Consumers seeking to move from a standard card to an affinity card or to a gold, zinc or platinum card will also be hit twice.

"To us it seems grossly unfair that if people change their card in July, they will pay one €40 charge for April to July, then a further €40 from July to the next April," a spokesman for the IBF said.

The banking industry sees this double charging as ironic in light of the Competition Authority's investigation into the barriers the banks are accused of imposing on consumers who attempt to switch current accounts.

Mr Nicholas Moore, of AIB's personal and business banking division, said the extra €40 penalty for moving meant choice was being taken away from the consumer.

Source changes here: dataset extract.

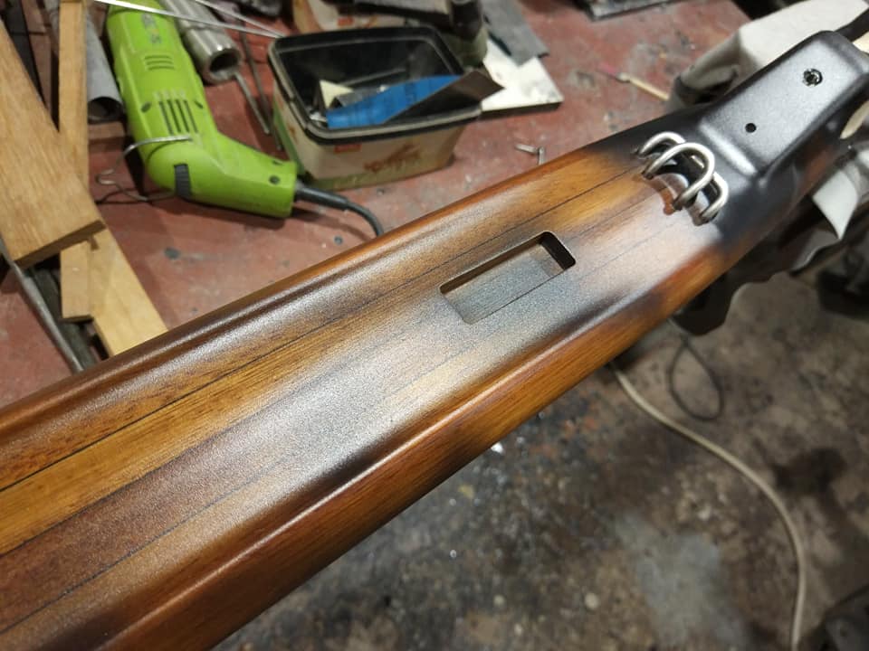 The finish that I prefer which most highlights the nobility of the materials used. Several sessions of sanding and epoxy application are necessary to arrive at the final result. On this finish the carbon remains used at the level of the head and the handguard to reinforce the passage of the pulleys and the fixing of the handle and the reel on the barrel.

"We see it as anti-competitive and an impediment to growing the card base," he said.

The stamp duty was "put in with a steam roller", according to Mr Eddie Ryan, head of card marketing for Bank of Ireland. "It will cost €80 a year if you change. That's just killing the consumer," he said.

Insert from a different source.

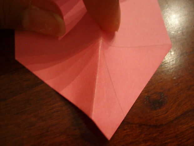 10. Se despliegan uno de los pliegues que acaba de hacer. De nuevo, esta vez haciendo las esquinas marcadas se encuentran. Esto le llevará a algunos quejarse, pero usted conseguirá eventual la derecha.

Combined ATM and laser cards now cost €20 a year. Laser cards can also be used to access credit if there is a current account overdraft.

"Laser cards are half the cost. Can someone explain why it is half? You can just as easily get an overdraft on your current account, which is a credit facility," Mr Ryan said.

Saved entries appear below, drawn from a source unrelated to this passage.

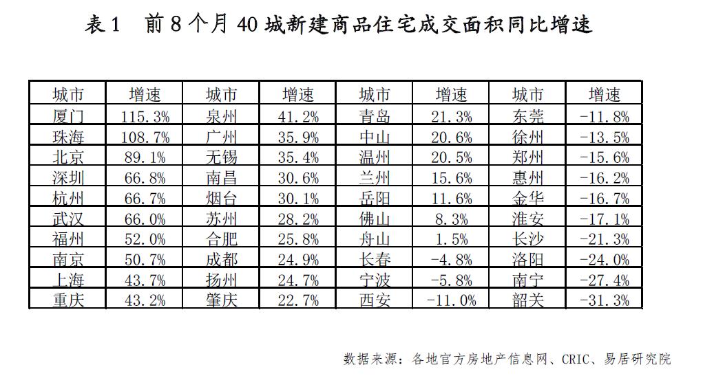 從城市來看,前8個月,40城新建商品住宅成交面積同比增速排名前十的城市依次為:廈門、珠海、北京、深圳、杭州、武漢、福州、南京、上海、重慶。
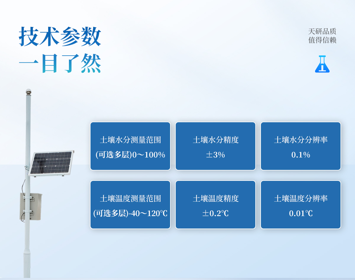 | 監(jiān)測(cè)系統(tǒng)平臺(tái),界面地圖可定位設(shè)備位置,可直觀(guān)的查看和查詢(xún)?cè)O(shè)備**數(shù)據(jù)、歷史數(shù)據(jù)、單位、預(yù)警上限、預(yù)警下限、狀態(tài)等多項(xiàng)內(nèi)容,并且能夠?qū)ι舷?、下限參?shù)進(jìn)行設(shè)置,以及查看報(bào)警記錄等。能夠快速將選定的數(shù)據(jù)列表以EXCLE表格文件的形式導(dǎo)出。平臺(tái)可以同時(shí)綁定多個(gè)監(jiān)測(cè)站設(shè)備。 | 土壤墑情速測(cè)儀采用分層設(shè)點(diǎn)的觀(guān)測(cè)結(jié)構(gòu),地面配置一個(gè)溫度觀(guān)測(cè)點(diǎn),地下土壤每隔10cm配置一個(gè)土壤溫濕測(cè)點(diǎn),觀(guān)測(cè)相對(duì)應(yīng)范圍內(nèi)的土壤溫濕度。 |
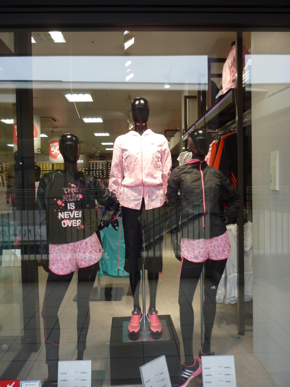 春色のジョギングウェアーが勢ぞろいしていて、春なんだなあと思いました。店内は広くて、レディス、キッズ、メンズとコーナーが分かれていて、買い物がしやすいです。50パーセントオフの商品もありました。ピンクの靴がかわいいです。

"A lot of people are stating that there is very little movement in the market now," he added.

Recent credit card marketing moves hampered by the charging of stamp duty include Ulster Bank's introduction of a zinc card with the most competitive rate available on the market; Ryanair's launch of a credit card in association with card provider MBNA; and AIB's affinity Visa card link-up with Dublin Institute of Technology.

Bank of Ireland has also announced that it will reduce its credit card interest rates and offer a rate of 0 per cent on purchases for six months and a 12-month balance transfer rate of 2.9 per cent.

If financial institutions do not try to shake the market up, total inertia will creep in, Mr Ryan said.

One marketing tactic that has attempted to use the stamp duty charge to its advantage is Ulster Bank's guarantee to give a €40 loyalty bonus to customers who spend €5,000 a year on their credit card. A spokeswoman for Ulster Bank said it expected 25,000 credit card customers would qualify for the €40 reward by the end of the year.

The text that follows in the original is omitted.